Ancak kadınlar menopoza girdiklerinde avantajlı durum ortadan kalkıyor ve kalp-damar hastalıklarında erkeklerle eşit şartlar oluşuyor. Özellikle bu dönemdeki kilo artışlarının sadece bel çevresini kalınlaştırmakla kalmadığını vurgulayan Dr. Kaya, “Bu kalınlaşma, kalp-damar hastalıkları açısından riskin artmasına daha çok katkıda bulunuyor. 50 yaş sonrasında kadınlarda kalça kırığı görülme riski her on yılda bir 2 kat artıyor. 65 yaş sonrasında her 3 kadında birinde omurga kırığı saptanıyor” diyor.
3 NOKTA ÇOK ÖNEMLİ
Dr. Kaya, yaşanabilecek olumsuzlukları en aza indirmek için menopoz ve sonrasında metabolizma açısından beslenmede 3 noktaya dikkat edilmesi gerektiğinin altını çiziyor ve önerilerde bulunuyor:
TUZ: Menopoz ve sonrasında kemik sağlığını korumak çok önemli. Çünkü östrojenin kemik koruyucu etkisi ortadan kalktığı için kadınlarda kemik erimesi başlıyor. Kemik yıkımını hızlandıran en önemli parametrelerden biri de fazla tuz tüketmektir. Çünkü tuz vücuttan atılırken kemikten kalsiyumu çeker ve kemik erimesini hızlandırır. Gizli tuzu yüksek yiyeceklerden, zeytin, salamura asma yaprağı, soya sosu, maden suyu, tuzlu peynirler, salam, sosis, sucuk, kavurma gibi şarküterilerden, tuzlu bisküviler, çerezler ve cipslerden uzak durun.
PROTEİN: Menopozda alınan kilolardan kurtulmak için bazen hızlı kilo kaybettirdiğine inanılan protein ağırlıklı veya sadece vejetaryen diyetler yapılıyor. Proteinden fakir beslenmek de çok zararlı, aşırı protein tüketmek de.
Özellikle hızlı kilo verme adına yapılan Atkins, Dukan gibi protein içeriği yüksek diyetleri bu dönemde yapmak son derece yanlış. Çünkü yüksek protein vücuda yüksek yağı da getirir.

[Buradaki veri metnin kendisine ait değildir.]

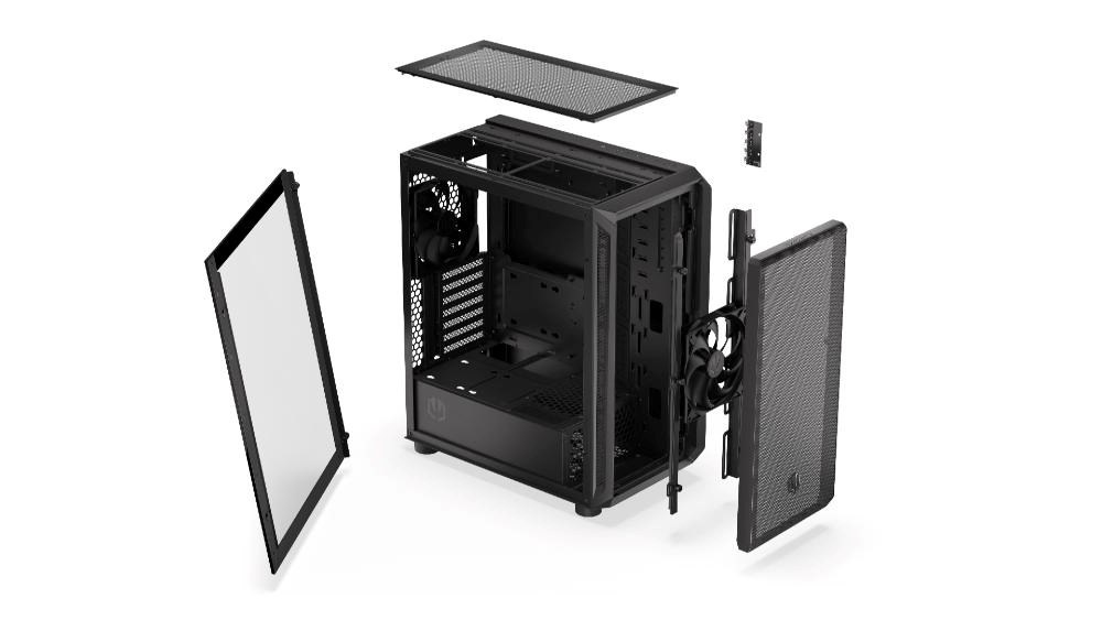 Tvrdené skloPodpora vodného chladeniaPodpora ventilátorovMaximálne veľkosti komponentovPrachové filtreVeľkosť a Hmotnosť

Doymuş yağlar açısından zengin olan bu yiyecekler kalp-damar hastalığı, tansiyon yüksekliği ve meme kanseri riskini arttırır. Aynı zamanda fazla protein idrarla kalsiyum atımını arttırır. Kemik erimesini hızlandırır. Kırmızı et, tavuk, balık, sakatat ve yumurtayı kontrollü tüketmekte fayda var.
KALSİYUM: Osteoporozla mücadelenin ilk şartı çocukluktan itibaren yeterli ve dengeli kalsiyum almaktır. Menopoz ve sonrasında günde 800-1500 mg kalsiyum almayı sakın ihmal etmeyin. Süt, peynir, yoğurt, çökelek, ayran, kefir, pekmez, susam, badem, kuru incir, fındık kalsiyum açısından zengindir. Bununla birlikte yeterli D Vitamini alımı da çok önemli. Bunun için her gün saat 11-15 arasında yaklaşık yarım saat kadar kollarınızı ve bacaklarınızı güneş ışığından yararlandırın.

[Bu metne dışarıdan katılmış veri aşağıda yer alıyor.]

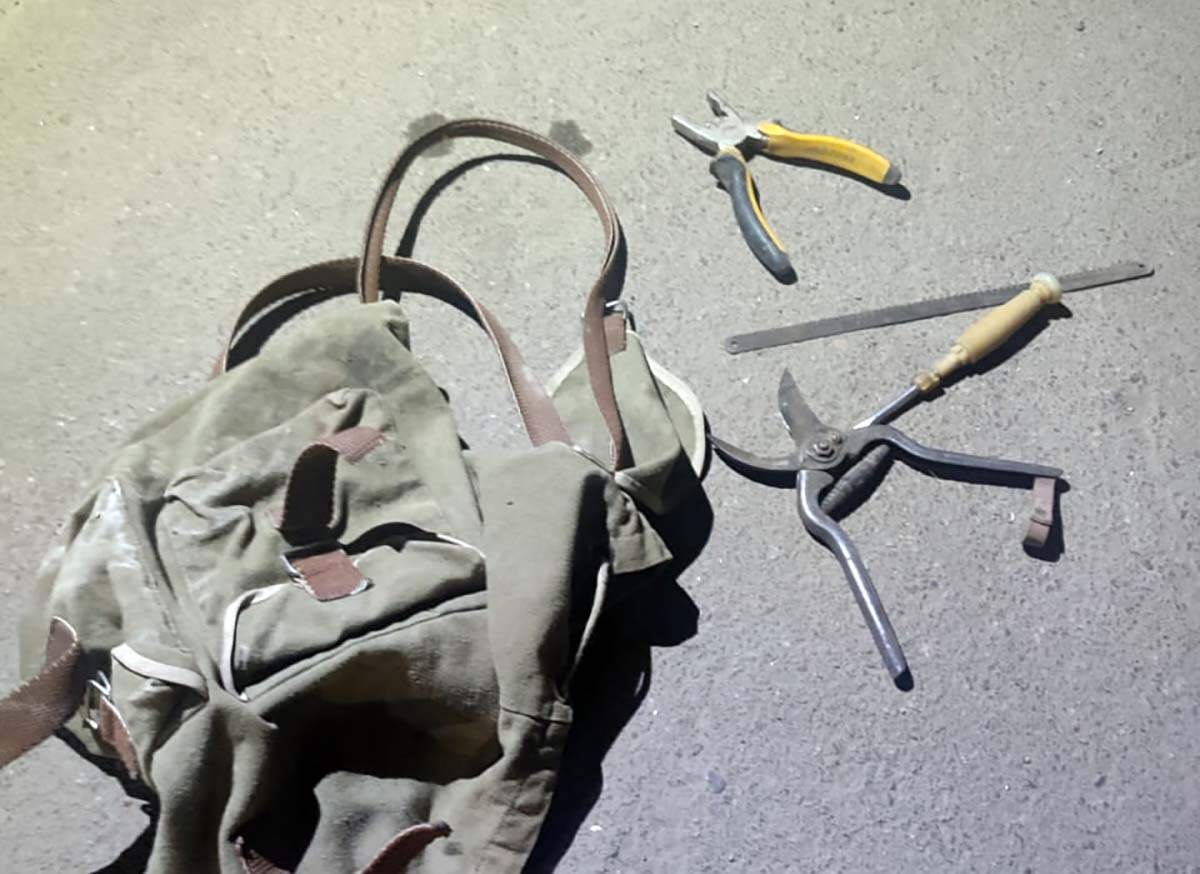 При ньому виявили знаряддя для вчинення правопорушення: ножівку, плоскогубці та металеві ножиці.

MENOPOZDA BU 5’LİDEN UZAK DURUN!
• Üç beyaz olan şeker, un, tuzdan sakının.
• Kızartmalar ve yağlı yiyeceklerden, pastane ürünlerinden uzak durun.
• Günde 5 fincandan fazla kahve tüketmeyin, kemik erimesini hızlandırır.
• Sigarayı baş düşman ilan edin.
• Alkol tüketmeyin.
MENOPOZDA MUCIZE 5 BESIN
• Keten tohumu, keten tohumu unu.
• Kurubaklagiller, buğday-yulaf kepeği.
• Yoğurt, süt, ayran.
• Balık.
• Ceviz, badem, fındık.
Bu besinler vücutta kısmi östrojen benzeri etki gösteriyor. Kadında, tanısı konmuş meme veya rahim kanseri öyküsü yoksa bu yiyecekleri düzenli tüketmek menopoz semptomlarını hafifletiyor, kemikleri koruyor.